Line, there is no functional difference except for the slower running speed. It is mainly used to unify the platform of program operation, analyze and tune
Test procedures, simulation software and hardware. While software simulation is much slower than direct hardware execution, the hardware is constantly
and special needs, the technology is still widely used in research, business and personal applications. Software simulation refers to
A set can be a real hardware device, or it can be virtual. Because the analysis of software instruction needs to master its instruction set first,
So if the software contains an unusual or no documentation of the instruction set code, even a short piece of code, the analysis of the
will also face great difficulties. If we add some back analysis techniques to be put forward later, we will be very effective in realizing
Protection of the software.
2. Virtual Machine Software Protection process

Virtual machine software protection can be divided into two parts: the first is the protection section, that is, the code block to be protected into a virtual machine
Code, followed by the execution part, that is, after the release of the protected software, the virtual machine directive is correct when it is delivered to the user
To execute virtual machine code.
The overall process of protecting the original code is shown in Figure 1:

2.1  Extract the code block to be protected
because the amount of code after the conversion of the virtual machine will be greatly increased, and the execution speed is greatly reduced, so generally do not
need to transform the entire program, simply select the software registration or do not want to be reverse analysis and need to be confidential The
code block.

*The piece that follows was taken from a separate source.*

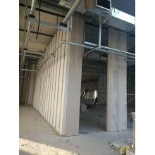 ④ 鋼結(jié)構(gòu)工程中相比夾芯彩鋼合板,防火性能優(yōu)勢更加明顯。本板材為無機(jī)材料加工,遇火不燃,100mm厚耐火極限即可達(dá)3.5小時(shí)以上。

In general, these parts are not many and do not require high operational efficiency.
due to the special nature of the virtual machine directive, it is very difficult to determine the correspondence of the virtual machine instruction with the other entry location if the command is executed in only one place. The general situation is in the function process body unit, can guarantee the generation of
code block only a single entrance.
Since most software is developed in high-level languages, in order to simplify locating blocks of code to be protected, it is possible to add a special tag that does not affect the program's operation before or after the high-level language is
protected, which facilitates the program to automatically locate and extract blocks of code to be
protected. The code block previously extracted by
2.2  machine instruction decoding
is the original machine instruction stream. In order to reduce the complexity of converting to virtual machine instructions, and to facilitate the
unification of the conversion of different platform machine instructions, the original machine instruction is transformed into an intermediate instruction which is easy to understand and analyze.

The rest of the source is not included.